Stay in the loop: the role of indicators in supporting decisions for circular economy strategies aiming at extending products life
Abstract
Circular economy proposes an innovative “circular” model towards increased sustainability. The central tenet of circular economy is to move away from linear practices (“take-make-use-dispose” approaches) towards the continuous “cycling” of products, materials and resources. Circular economy can be achieved by adopting practices that include solutions for a) intensified use of products (e.g. product pooling and sharing); b) circular product design (dematerialised products; designed for longevity, reparability and recycling); c) material and resource “cycling”, and more. Along with radical transformation of business models and value chains, product design is of the essence to effectively support circular economy transitions. The EEA report “Circular by design” from 2017 on products in the circular economy highlights that designing products using clean materials or increasing use of modular design is “a prerequisite for circularity”. Design stage, therefore, is crucial in “initiating” circular shifts; however, the strategies that aim at extending life cycles of products that are currently on the market are as significant.
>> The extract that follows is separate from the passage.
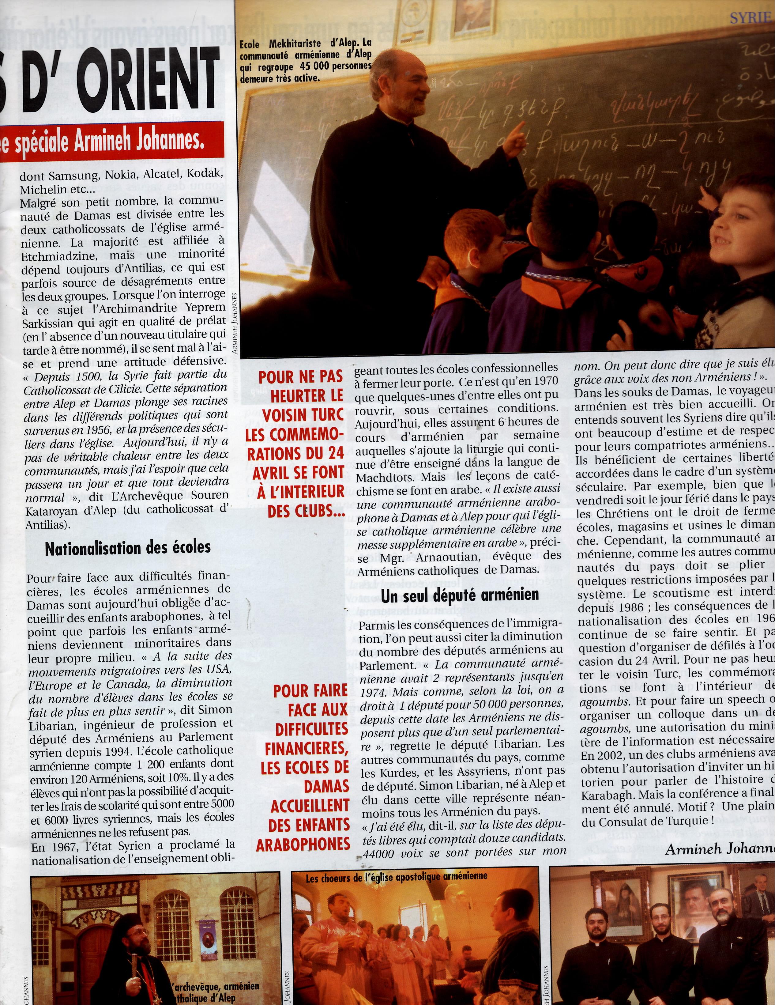 Armineh Johannes, Nouvelles d'Armenie Magazine, No. 90 - Oct 2003 Armeniens en Syrie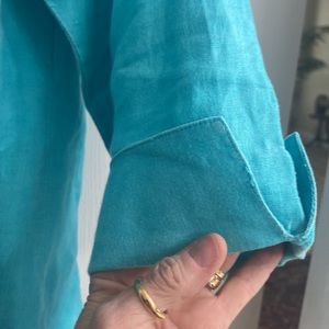 Vibrant turquoise blouse. Button-up front. Collared neckline. Three-quarter sleeves. No flaws, but visible wear and tear. Dog friendly home.

The European Commission made a resolution on a longer lifetime for products (2016/2272(INI)) stressing the urge for extended producer responsibility to tackle the issues of durability, reparability and recyclability of tangible consumer goods. This article aims to provide an insight on how the sustainability related performance indicators can support decision making for circular economy strategies aiming at extending life time of existing products, components and materials (through service, repair and recycling) taking a cross business process view. The article provides an example of indicators and their application to a hypothetical case study. We follow the indicator selection procedure, with the help of which the set of relevant indicators is selected for the CE initiative assessment. By taking a case example, we demonstrate i) the importance of operating with indicators across business processes; and ii) the importance of a dynamic indicator set (as opposed to the ‘prescribed’ indicators). Based on the final performance indicator set relevant for the case, the decision can be made to either implement the strategy, select/combine with another or avoid the implementation altogether.